Mahallenin küçük çocukları bile bundan nasibini alır. Mehmet beyin torunu Ozan dedesine gavur denmesini hiç kaldıramaz ama bunu ailesine karşı sert ve yıkıcı davranışlarla gösterir. Mehmet bey çocuk yaşta ayrılmak zorunda kaldığı Girit'i ve oradaki evini hiç unutmamıştır. 12 Eylül darbesiyle beraber kasabanın çehresi - Tüm Türkiye gibi - değişir, Mehmet'in oğlu İbrahim Belediye Başkanı Yardımcısı ve yöre halkının sesi olarak ihtilal yönetimince atanan yeni Belediye Başkanı'nın boy hedefi haline gelir.

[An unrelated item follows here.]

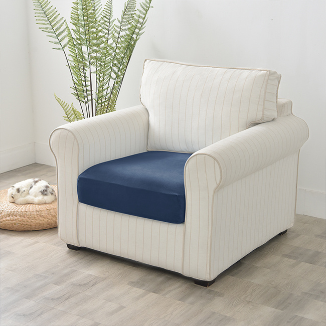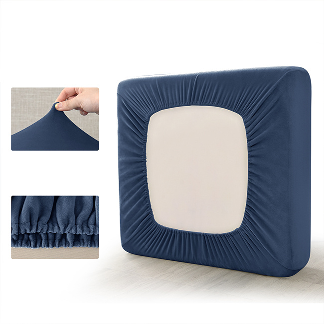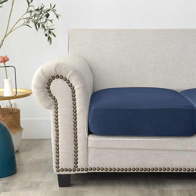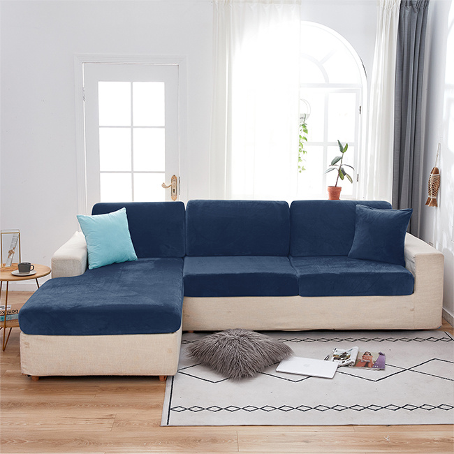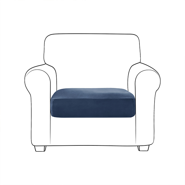 - Welurowy pokrowiec na siedzisko kanapy w eleganckim granatowym kolorze, odpowiedni dla siedzisk od 80 do 100 cm.

Belki Irmak yöre insanlarının göçmenlere davranışını daha ayrıntılı inceleyebilirdi ama doğal olarak politik bir mesaj yerine son derece kişisel bir mesaj vermek istemiş (anladığım kadarıyla yaklaşık olarak kendi ailesinin hayatını işlemiş), o yüzden de bir noktadan sonra bu konuyu bırakıp 12 Eylül döneminin küçük kasabalardaki etkisini işlemiş.

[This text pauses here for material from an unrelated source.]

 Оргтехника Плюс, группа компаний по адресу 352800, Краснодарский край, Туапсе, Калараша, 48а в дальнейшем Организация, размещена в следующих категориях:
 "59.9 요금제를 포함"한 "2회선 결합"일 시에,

Çetin Tekindor her zamanki gibi harika bir performans sergiliyor, Hümeyra kısa bir rolde yine çok iyi, Yiğit Özşener de başarılı.
Girit göçmenleriyle ilgili sevgili arkadaşım Neslihan Acu'nun Kuzgunun Şarkısı kitabını da tavsiye edebilirim, belki ortak yönlerini orada da bulabilirsiniz.